The aim of our study was to determine the correlation between GNRI, lean body mass (LBM) and metabolic syndrome (MetS), besides the assessment of the predictability of these factors of mortality in chronic HD patients.
| Materials and Methods|| |
This prospective cohort study was approved by the Ethics Committee of our university. Patients were eligible for entry if they had been designed for chronic HD therapy and were 18 years or older with no clinically active cardiovascular, malignant or infectious diseases on entry. The patients were followed-up for a period of 18 months and excluded from final analysis if they were on dialysis for less than six months (dead or alive). This cut-off level was chosen for reducing patient selection bias by excluding unstable cases or patients with unpredictable underling co-morbidities. Data from 145 patients (mean age 60 ± 16 years; 54% men) were analyzed at the end of the study period. All the patients received daytime dialysis and the total hours per week varied from 8-13.5 h.
The cause of chronic renal failure in 48 (33%) patients was diabetic nephropathy and in 20% of the patients was hypertension. The vintage time was 12-33 months, with an average follow-up period of 15.7 ± 4.5 months. Eighty-eight of the 145 patients were present through the whole study duration.

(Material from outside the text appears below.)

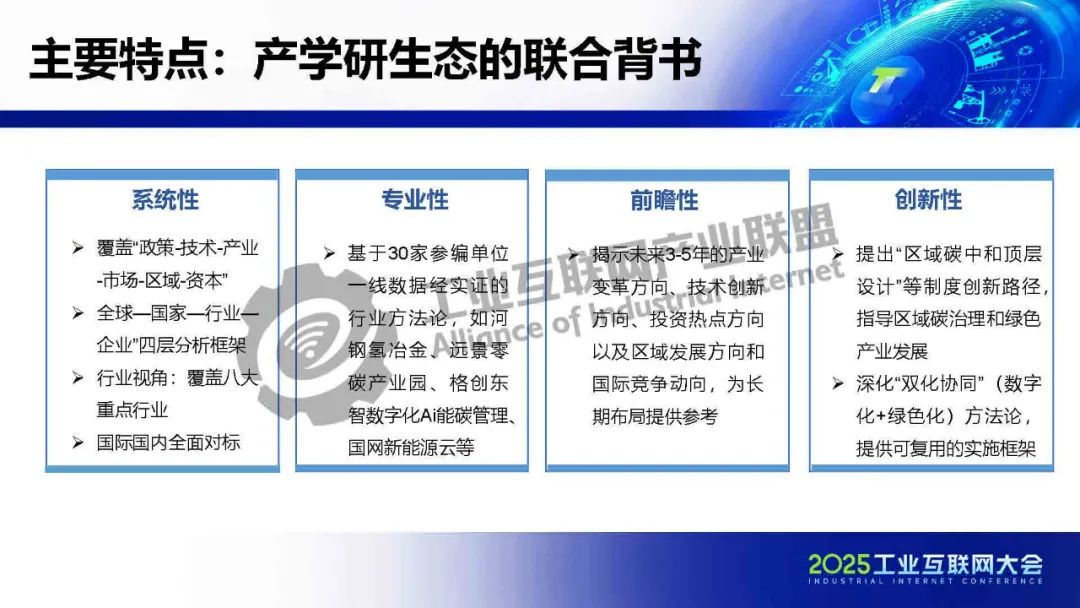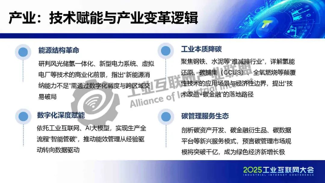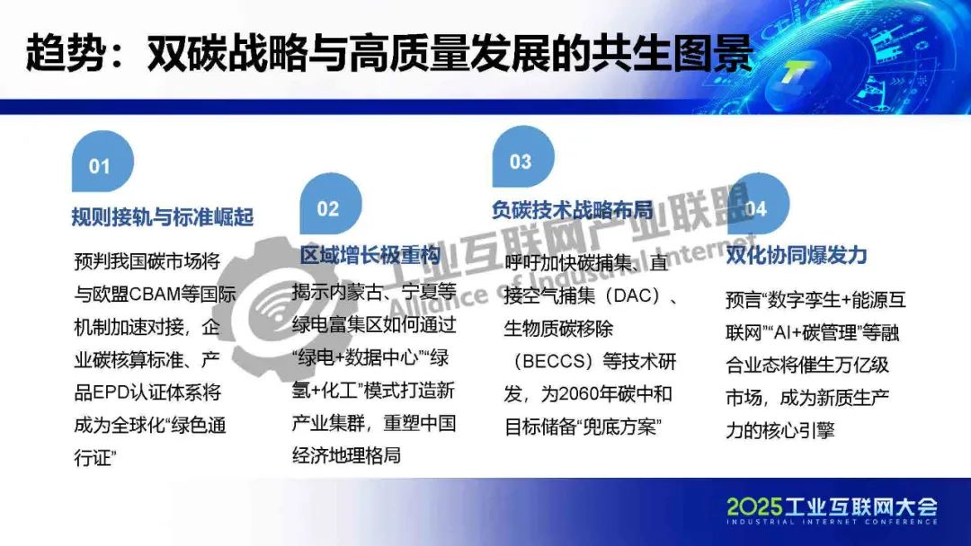 5月22日,在2025工業(yè)互聯(lián)網(wǎng)大會“工業(yè)數(shù)字化綠色化協(xié)同轉(zhuǎn)型專題活動”上,工業(yè)互聯(lián)網(wǎng)產(chǎn)業(yè)聯(lián)盟碳達(dá)峰碳中和工作組主席、中國信息通信研究院產(chǎn)業(yè)與規(guī)劃研究所總工程師高艷麗對《碳達(dá)峰碳中和藍(lán)皮書(2025)》進(jìn)行了解讀。

Serum lipids and glucose concentrations were measured with the standard laboratory methods. The average of the measurements of three consecutive months was considered as the baseline value. Blood pressure (BP) was assessed in the sitting position and the patients were considered hypertensive if they had any one of these three criteria: Positive history of hypertension, taking antihypertensive treatments or mean BP greater than ≥130/85 mm Hg at the end of the dialysis session in spite of achieving appropriate dry weight on most occasions, estimated by a review of patients' BP recorded on dialysis charts.

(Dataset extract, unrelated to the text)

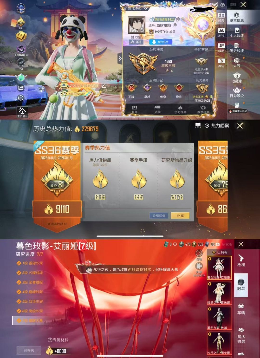 老101小丑雪国70粉50枪20车❤满级艾丽娅5红❤9级星梦奇缘9级至情13把满级枪❤满级宝马帕加尼

Body mass index (BMI) was calculated as dry weight in kilograms divided by the square of height in meters. We assumed dry weight as the weight recorded at the end of dialysis. Waist circumference was calculated as the average of two measurements taken after inspiration and expiration at the midpoint between the costal margin and the iliac crest.
We used two definitions for metabolic syndrome provided by the International Diabetes Federation (IDF)  and the revised National Cholesterol Education Program (NCEP), respectively. The revised NCEP and IDF definitions of MetS are similar and they can identify many of the same individuals as having MetS.
The GNRI was calculated by modifying the Nutritional Risk Index (NRI) for elderly patients,  as has been reported by Yamada et al,  as follows:
GNRI = [1.489 + albumin (g/L)] + [41.7 × dry weight/ideal BW]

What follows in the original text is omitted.